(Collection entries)
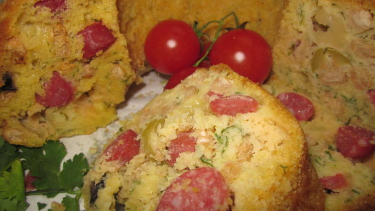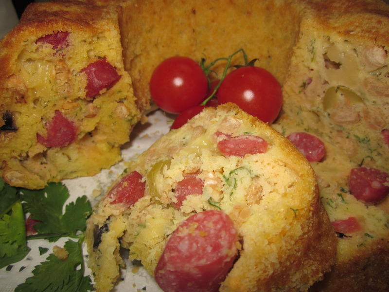 Берем для теста: 4 яйца, по столовой ложке с горкой сметаны и майонеза (вполне можно что-то одно из них), 1 стакан муки, половинку чайной ложки соли, 1 столовую ложку сахара, немного черного молотого перца и чайную ложку разрыхлителя. Для начинки берем (допустим): баночку (полбанки) консервированной фасоли, несколько маслин и оливок, граммов 50−100 твердого сыра, несколько копченых колбасок (типа охотничьей или ветчины) и немного любой зелени. Сливочное масло и панировочные сухарики — для подготовки формы для выпечки.
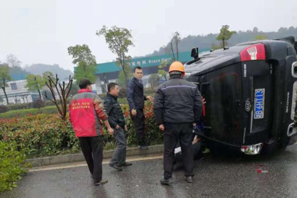 在現(xiàn)場,他們看到小車側(cè)翻卡在花壇中,邊上的小樹被壓倒在地,車內(nèi)一共三人,其中有個(gè)4歲左右的小女孩,司機(jī)在駕駛室里已經(jīng)"僵"住了。毛也成連忙問道:"你們情況怎么樣,有沒有受傷?"聽到有人詢問后,小女孩頓時(shí)哇哇大哭起來。毛也成使勁扒開花壇中的灌木,對已部分破碎的車窗玻璃進(jìn)行小心的再次破窗,成功的把小女孩從車?yán)锞瘸,一邊抱著她向油站休息室走去一邊溫和的安慰她說:"好孩子,別怕別怕,叔叔馬上帶你出去。"在事故現(xiàn)場的加油員周化與其他人一起熱心地幫助車內(nèi)的其他兩個(gè)人爬出車子。毛也成迅速回到現(xiàn)場,沉著冷靜的指導(dǎo)車主拔出鑰匙斷電,防止車輛發(fā)生自燃事件。短短的幾分鐘,一場驚心動(dòng)魄的險(xiǎn)情,通過他們對突發(fā)事件的沉著應(yīng)戰(zhàn),得到了初期的及時(shí)處理,車上的人員無一人受傷。
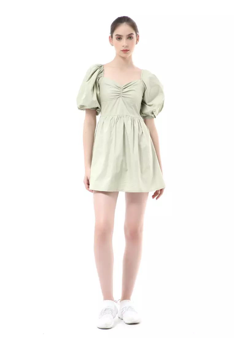 Rachel Dress Wanita Ballerina Pluffy Baloon Sleeve Simple Elegant Material Cotton ORIGINAL - Soft Green
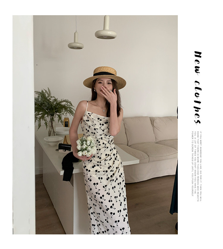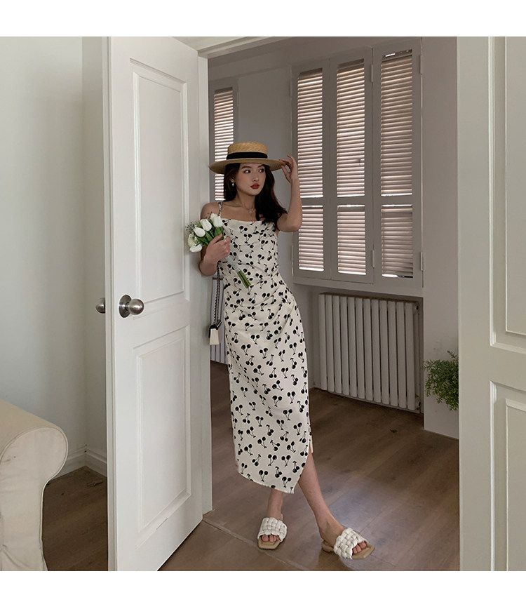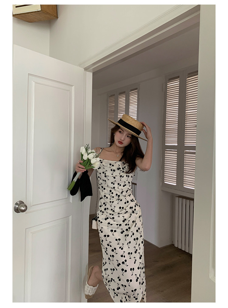 Платье, шифоновая майка, длинная юбка, французский стиль, городской стиль, в цветочек, А-силуэт
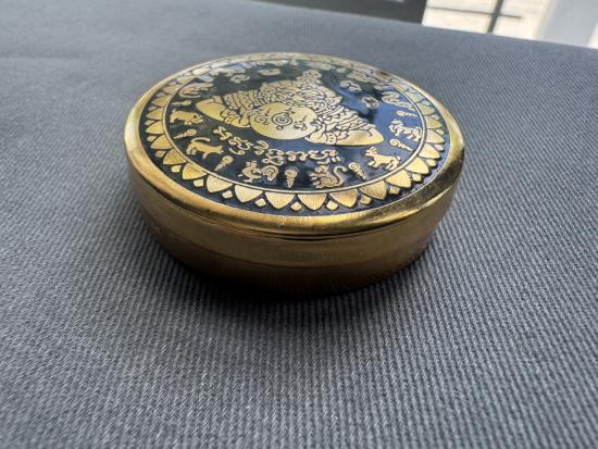 เคาะเดียวไวไว ตลับสีผึ้งพระราหู มหานิยมอุดมโชค จตุคามรามเทพ รุ่น มงคลจักรวาล ปี2549 พิมพ์ใหญ่ ขนาด5.5ซม ลงยาดำ ลงเบญจรงค์น้ำทอง สีผึ้งด้านในเดิมๆ |

* [What you are asked to do]: Without the pictures, restate all of the entries above verbatim.

* [Solution below]:
 Берем для теста: 4 яйца, по столовой ложке с горкой сметаны и майонеза (вполне можно что-то одно из них), 1 стакан муки, половинку чайной ложки соли, 1 столовую ложку сахара, немного черного молотого перца и чайную ложку разрыхлителя. Для начинки берем (допустим): баночку (полбанки) консервированной фасоли, несколько маслин и оливок, граммов 50−100 твердого сыра, несколько копченых колбасок (типа охотничьей или ветчины) и немного любой зелени. Сливочное масло и панировочные сухарики — для подготовки формы для выпечки.
 在現(xiàn)場,他們看到小車側(cè)翻卡在花壇中,邊上的小樹被壓倒在地,車內(nèi)一共三人,其中有個(gè)4歲左右的小女孩,司機(jī)在駕駛室里已經(jīng)"僵"住了。毛也成連忙問道:"你們情況怎么樣,有沒有受傷?"聽到有人詢問后,小女孩頓時(shí)哇哇大哭起來。毛也成使勁扒開花壇中的灌木,對已部分破碎的車窗玻璃進(jìn)行小心的再次破窗,成功的把小女孩從車?yán)锞瘸,一邊抱著她向油站休息室走去一邊溫和的安慰她說:"好孩子,別怕別怕,叔叔馬上帶你出去。"在事故現(xiàn)場的加油員周化與其他人一起熱心地幫助車內(nèi)的其他兩個(gè)人爬出車子。毛也成迅速回到現(xiàn)場,沉著冷靜的指導(dǎo)車主拔出鑰匙斷電,防止車輛發(fā)生自燃事件。短短的幾分鐘,一場驚心動(dòng)魄的險(xiǎn)情,通過他們對突發(fā)事件的沉著應(yīng)戰(zhàn),得到了初期的及時(shí)處理,車上的人員無一人受傷。
 Rachel Dress Wanita Ballerina Pluffy Baloon Sleeve Simple Elegant Material Cotton ORIGINAL - Soft Green
 Платье, шифоновая майка, длинная юбка, французский стиль, городской стиль, в цветочек, А-силуэт
 เคาะเดียวไวไว ตลับสีผึ้งพระราหู มหานิยมอุดมโชค จตุคามรามเทพ รุ่น มงคลจักรวาล ปี2549 พิมพ์ใหญ่ ขนาด5.5ซม ลงยาดำ ลงเบญจรงค์น้ำทอง สีผึ้งด้านในเดิมๆ |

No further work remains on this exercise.